On April 27, 2017, a bipartisan group of lawmakers introduced the Remote Transactions Parity Act (RTPA) of 2017. Similar legislation was introduced in 2015 but failed to be enacted. Like the MFA, the legislation would also create sales and use tax collection obligations for remote sellers, but has some differences and additional provisions. Some key differences from the Marketplace Fairness Act include a different definition of a small seller.  The RTPA has a phased in threshold starting at $10million in year one, then $5million, then $1million.  In year 4, there is no threshold.  In addition to the monetary thresholds, any seller that sells on an electronic marketplace is considered a small seller.  A difference from the 2015 version of the bill is an inclusion of a definition of remote seller which specifies when a company is NOT a remote seller which includes physical presences for more than 15 days in a state, leasing or owning real property and using an agent to establish or maintain the market in a state if the agent does not perform business services in the state for any other person during the taxable year.  For more information on the Remote Transaction Parity Act of 2015, visit House Introduces Remote Transactions Parity Act of 2015. (Marketplace Fairness Act of 2017, Remote Transactions Parity Act of 2017)


A web security services company was not liable for Texas sales tax on sales of digital (SSL) certificates which allowed customers to establish secure, encrypted connections over the Internet. The company would authenticate a customer’s identity then issue a digital certificate that contained the customer’s public key and metadata. The customer could put the digital certificate on its web server. The digital certificates did not fall within the definition of a taxable computer program since they did not provide a set of coded instructions designed to process data or perform a task. The digital certificates represented an intangible. Since the digital certificate was not computer software or other tangible personal property, it was not subject to tax. The company’s service of verifying the identity of a customer and providing a digital certificate did not constitute a taxable data processing service since the company was not compiling and producing records of transactions, maintaining information, or entering and retrieving information. While an end user’s web browser could use the public key contained in a customer’s digital certificate to encrypt communications (which is considered data processing), the encryption and decryption was not performed by the company but by software built into the end users’ web browsers. The company’s authentication services, provision of digital certificates, and resolution services were not taxable as information services, since the company was not furnishing general or specialized news or other current information. The services also did not fall under the definition of a telecommunications service.(Letter No. 201608960L (PLR #152600379), Texas Comptroller of Public Accounts, August 19, 2016)

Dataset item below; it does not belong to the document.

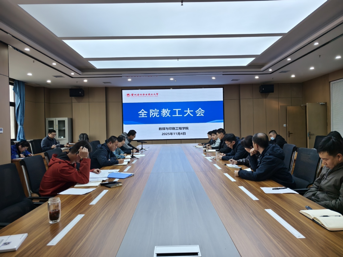 2025年11月4日下午,数媒与印刷工程学院在第三工业中心九楼会议室召开全院教职工大会。会议由学院负责人主持,全体教职工参会,围绕政治理论学习、国际学术讲座、办学能力评价、毕设中期检查、加强教学管理与实训室安全检查等近期重点工作进行安排部署。

On August 25, 2016, House Judiciary Committee Chairman Robert Goodlatte released a discussion draft of the Online Sales Simplification Act of 2016. The legislation would implement a “hybrid origin” approach for remote sales. Under the legislation, states could impose sales tax on remote sales if the origin state participates in a clearinghouse.In this case, the tax is based on the origin state’s baseand taxability rules. The rate would be the origin state rate, unless the destination state participates. In that case, the rate used would be a single state-wide rate determined by each participating destination state. A remote seller would only remit sales tax to its origin state for all remote sales. Only the origin state would be able to audit a seller for remote sales. Non-participating states would not be able to receive distributions from the clearinghouse. Sellers would be required to provide reporting for remotes sales into participating states to the Clearinghouse so it can distribute the tax to the destination state. We will continue to monitor activity and update when the official bill is introduced.  (Discussion draft of Online Sales Simplification Act of 2016)

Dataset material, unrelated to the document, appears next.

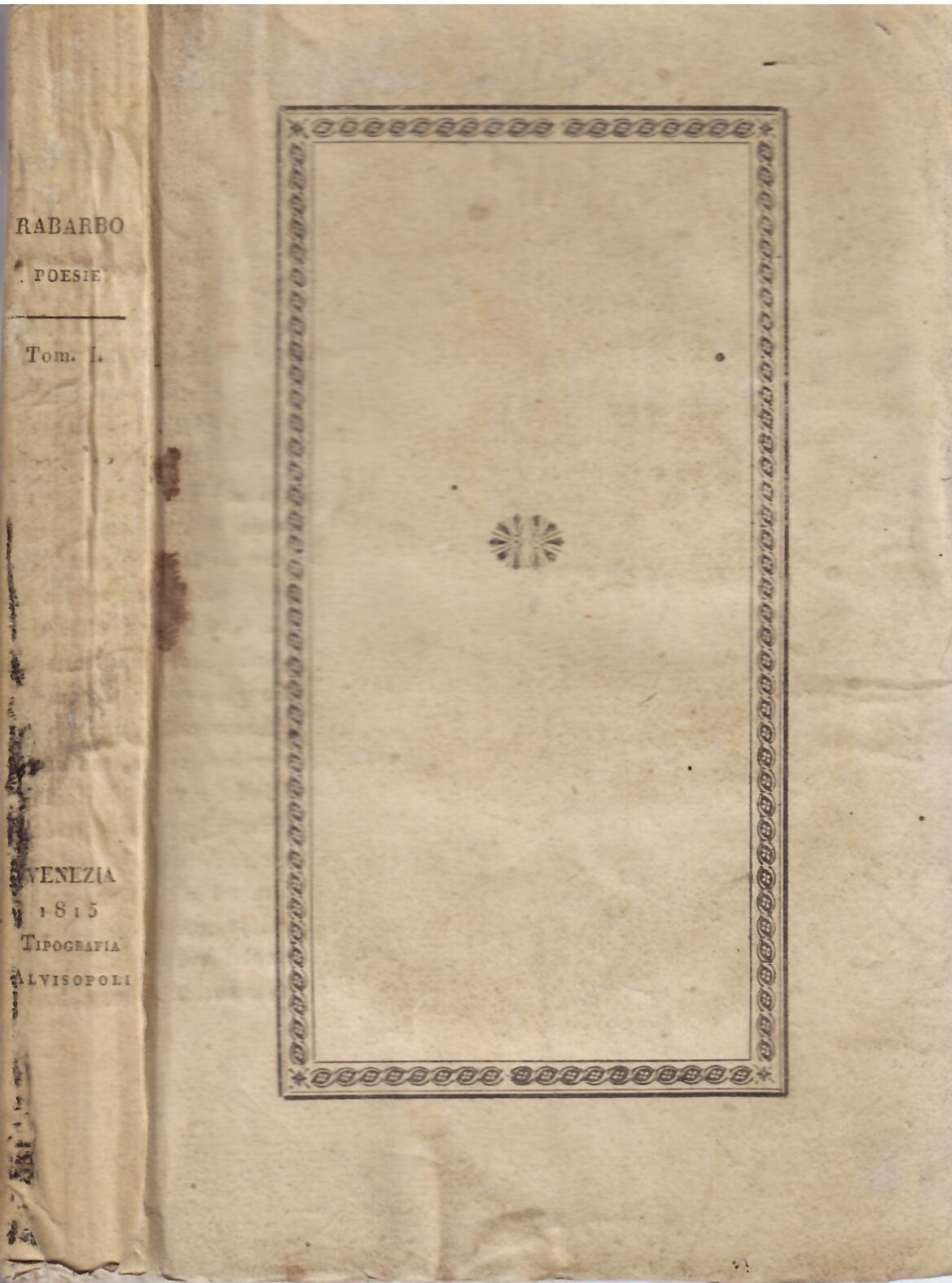 POESIE EDITE E INEDITE DI LAROMEO RABARBO - TOMO PRIMO

On July 14, 2016, Rep. Jim Sensenbrenner (R-WI) introduced the No Regulation Without Representation Act of 2016.  Taking the opposite approach of the Marketplace Fairness Act and Remote Transactions Parity Act, this proposed bill would limit the ability of states to require remote sellers to collect use tax. If enacted, the Act would codify the physical presence requirement established by the US Supreme Court in Quill Corp v. North Dakota.  The bill would define physical presence and create a de minimis threshold. If enacted, the bill would preempt click-through nexus, affiliate nexus, reporting requirements and marketplace nexus legislation. The bill would be effective as of January 1, 2017. The bill defines “seller” and provides that states and localities may not:


  • Obligate a person to collect a sales, use or similar tax; 
  • Obligate a person to report sales; 
  • Assess a tax on a person; or 
  • Treat the person as doing business in a state or locality for purposes of such tax unless the person has a physical presence in the jurisdiction during the calendar quarter that the obligation or assessment is imposed.


Persons would be considered to have a physical presence only if during the calendar year the person: 


  • Owns or leases real or tangible personal property in the state; 
  • Has one or more employees, agents or independent contractors in the state specifically soliciting product or service orders from customers in the state or providing design, installation or repair services there; or 
  • Maintains an office in-state with three or more employees for any purpose.


Physical presence would not include: 


  • Click-through referral agreements with in-state persons who receive commissions for referring customers to the seller; 
  • Presence for less than 15 days in a taxable year; 
  • Product delivery provided by a common carrier; or 
  • Internet advertising services not exclusively directed towards, or exclusively soliciting in-state customers.


The bill defines seller to exclude marketplace providers; referrers; third-party delivery services in which the seller does not have an ownership interest; and credit card issuers, transaction or billing processors or financial intermediaries.Marketplace Providers are defined as any person other than the seller who facilitates a sale which includes listing or advertising the items or services for sale and either directly or indirectly collects gross receipts from the customer and transmits the amounts to the marketplace seller. (No Regulation Without Representation Act of 2016 (H.R. 5893))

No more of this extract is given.